Tuesday, September 7, 2010

Times have gotten rougher.

I'm back from Ecuador, and surprisingly in one piece. There were several moments on this trip that made me believe that I perhaps would not make it home. The number one being the bus crash I got into on August 31. Apparently the bus driver fell asleep, hit a bad bump as he drifted off the road, was jolted awake and we started to fishtail. Eventually we started rolling off the road, the bus started to flip over, and I got thrown out of the window. Again, I am surprisingly home and in one piece. I have some pretty epic battle wounds, but they'll heal. I just hope that I can say the same about my back and ribs. It happened near the coast, so the fall off the road was not too far. But still, I know I am lucky to be alive.

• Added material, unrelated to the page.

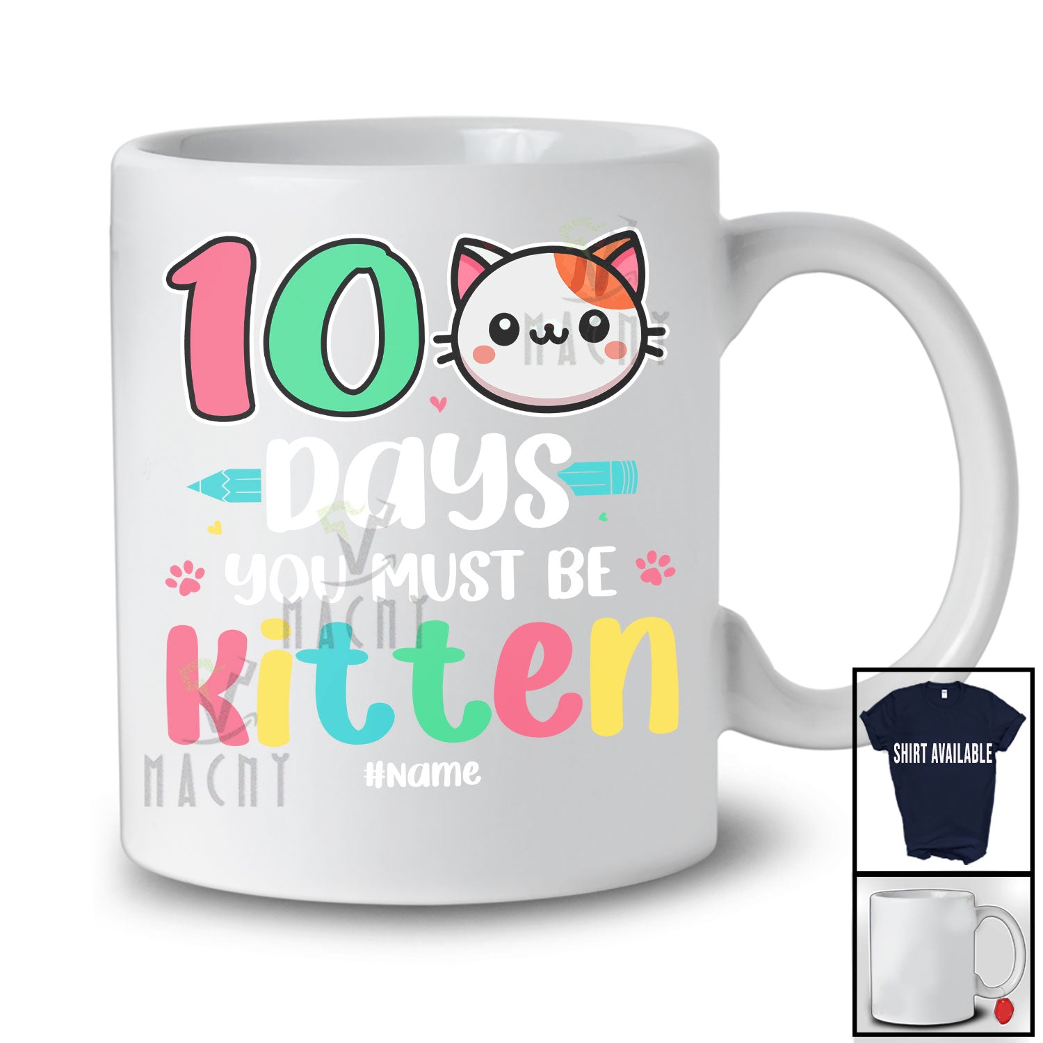 The Personalized Custom Name 100 Days You Must Be Kitten; Adorable 100th Day Of School Cat Face T-Shirt destined to impress, and priced at only $12.95, for a limited time.

The worst part of the entire ordeal was not actually getting into a crash. 2 days earlier there was another bus accident near the capital, Quito. For those not familiar with Ecuador's geography, the Andes mountains run right through the center of the country. As a result, Quito is over 10,000 feet above sea level. It's known as 2-mile-high-city. (To put that in perspective, Denver is 1-mile-high-city, so Quito is twice as high up.) Since this other bus crash happened near Quito, and fell over 300 feet off a mountain, it had fatal results. 38 people died. The bus driver had so many driving violations he should not have even been allowed to have a license, much less be employed by a bus company. The company is now shut down, thankfully.

In Ecuador, bus crashes are regular occurrences, not freak accidents. In fact, the same day our bus skidded off the road, 15 hours earlier another bus did the same just 2 hours away. Another accident happened just before we left, and not even a week ago, 9 more people died in an Ecuadorian bus crash from the same company we were on (Reina del Camino, a supposedly reputable company, although I beg to differ. They seem to be having "bad luck" lately. Within the last month they have had 2 bus crashes plus a hijacking. They probably should be investigated by Ecuador's transit department.) I think it is incredibly sad that this is every day life for Ecuadorians. Their lives are not seen as valuable. (On our bus tickets, it said that if we were to die or become paralyzed, our families would receive just $3,000 and they would only cover up to $500 of hospital bills. Imagine if Greyhound tried to pull that!!!) The bus drivers do not learn from the other accidents and still gamble with these people's lives. Either way, the bus drivers are paid the same and the faster they get to their destination, the sooner they can get on with their life for the day. Tourists, especially budget travelers like myself, are susceptible to these horrible chances as well. We can't afford to rent cars, hire private taxis, or fly from city to city. 2 years ago, 5 Brits died from another Reina del Camino crash. People are forced onto these buses because of economic reasons and every time they do, they could lose their life. Sad to say, but if we were in Colombia this would not have happened. Even in a country where you could get kidnapped and held for ransom, Colombia has much stricter bus regulations than Ecuador has.

Another pathetic item about this whole ordeal... The next day we had to go back to where we bought our tickets and they would not refund us! They would only issue us no tickets. SERIOUSLY?!